I am new to this forum and it is great to see so many interesting topics and well educated and experienced professionals and hobbyists. I would just like some confirmation of information I have researched regarding a charging circuit project I am embarking upon. I am entirely new to circuits and design however I like to arm myself with as much knowledge as possible before attempting any circuits involving batteries due to their limitations.

At the moment, my plan is to use a DC-DC step down linear voltage regulator I have recently purchased to charge x4 1.2v NI-MH 600mAh batteries in series I found in some christmas lights. The output of the regulator is adjustable between 15v - 3v and the input is a 12v 1A power wall adapter that is non regulated I believe. From research these batteries should be optimally charged at C/10, or 60mAh at somewhere around 4.8 - 5.2v for 16 hours. However, I am becoming confused when factoring in voltage drop and impedance within the circuit and researching about optimal charging currents. I could not find a clear definitive answer however battery university provided some good information and it contradicts my current thinking.

- According to Ohm's law, shouldn't the internal resistance of the battery with a fixed voltage input determine its charging current?
- Do NI-MH batteries specifically attempt to draw much more current due to their chemistry than optimal for battery life and temperature control?
- Are there any batteries where keeping voltage constant with a regulator is suitable for charging due to the above questions? e.g. lead acid or Li-ion?

I am aware over charging these batteries can be extremely dangerous and everything must be timed and monitored constantly in a ventilated area due to noise and limited feedback, however a simple confirmation of the above would be suffice for me to move on from this project. Thanks.
 
- According to Ohm's law, shouldn't the internal resistance of the battery with a fixed voltage input determine its charging current?

Not as regards charging, and the internal resistance isn't a fixed value anyway.

- Do NI-MH batteries specifically attempt to draw much more current due to their chemistry than optimal for battery life and temperature control?

Be a pretty useless battery if it didn't draw, and provide, far more current than it's recommended charging current.

- Are there any batteries where keeping voltage constant with a regulator is suitable for charging due to the above questions? e.g. lead acid or Li-ion?

No, you ALWAYS need some kind of charging control, or the batteries (or/and charger) will be damaged. Although this could be quite crude, such as a suitable series resistor to limit the current. However, with such a crude scheme you need to manually limit the amount of time spent charging, and NiCd/NiMh are notoriously to monitor their charging status.

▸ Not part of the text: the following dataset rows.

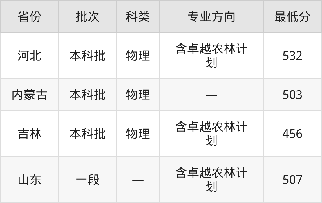 内蒙古农业大学农学专业在全国各省最低录取分数线为456分(吉林物理类),除此之外,在其余地区的最低分为山东507分、河北物理类532分、内蒙古物理类503分,以上数据均为2025年数据,供2026年高考生参考。
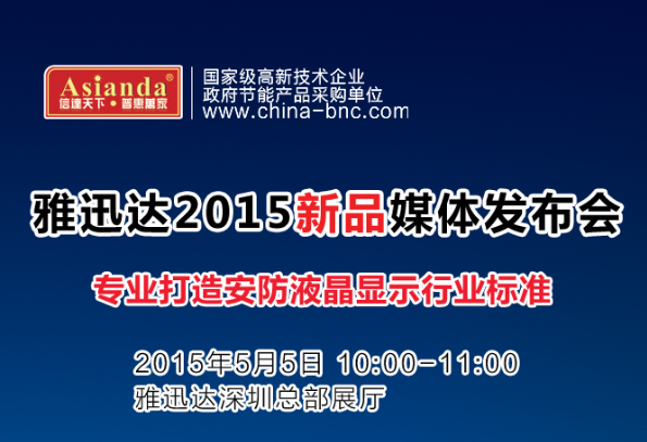 我公司研發(fā)的產品如第三代、第四代智能液晶拼接屏、高清液晶監(jiān)視器等系列新產品經過市場發(fā)酵期之后,已經得到了各行業(yè)面的一致認可。5月5日,雅迅達2015年首場新品媒體發(fā)布會將隆重舉行,在公司總部深圳召開“2015年新品發(fā)布會暨媒體見面會”。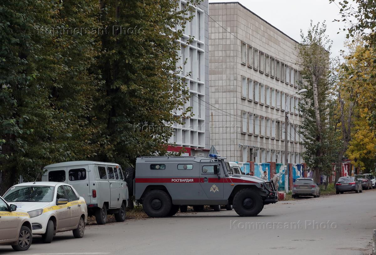 Shooting at the Perm State National Research University on Genkel Street (PGNIU). Law enforcement officers at the scene outside the Perm State National Research University, where an unknown person opened fire in one of the buildings.
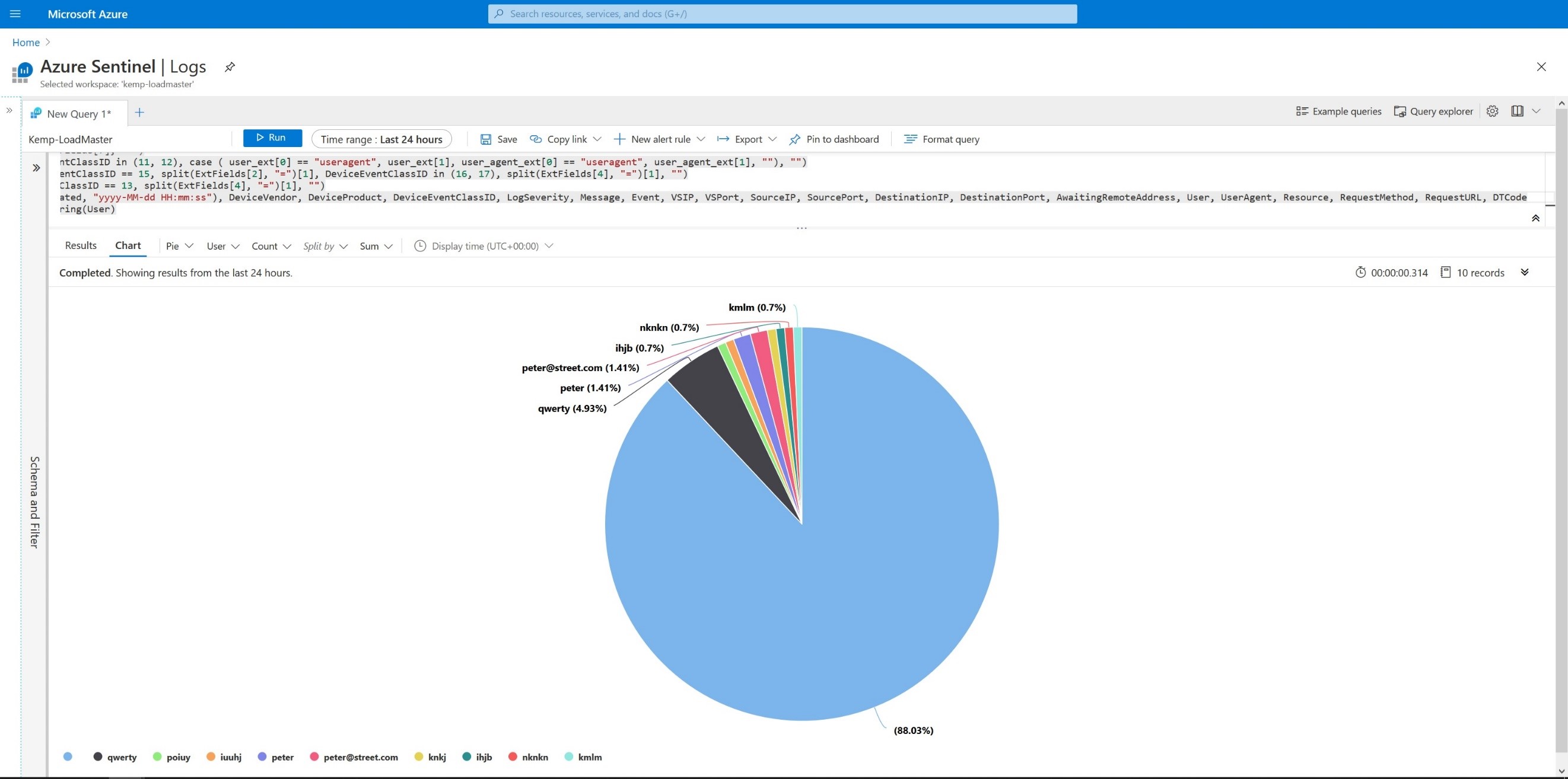 The Kusto language combined with the detailed information in the Kemp Technologies LoadMaster Edge Security Pack Common Event Format logs enables deep insight and visibility into authentication and authorization attempts in your network.

Li-Ion is a LOT easier, just requiring a constant current charger that switches to constant voltage once the threshold voltage is reached (4.2V per cell), the current then reduces, and when it's down to about 10% of the constant current it's considered fully charged. You can easily charge them with a bench power supply, simply set it to the threshold voltage (so 8.4V for two in series), and the current limit to your required charging current (I use 520mA for 2.6AH cells). When the current falls to 52mA they are fully charged - this is a 'nice' charge, so charges them fully, you can charge faster, but they don't take as much charge then.
 
Thank you very much for your response.
Be a pretty useless battery if it didn't draw, and provide, far more current than it's recommended charging current.

This made it so much easier to understand in my mind, I feel silly for not realizing this with its discharge capacity as well.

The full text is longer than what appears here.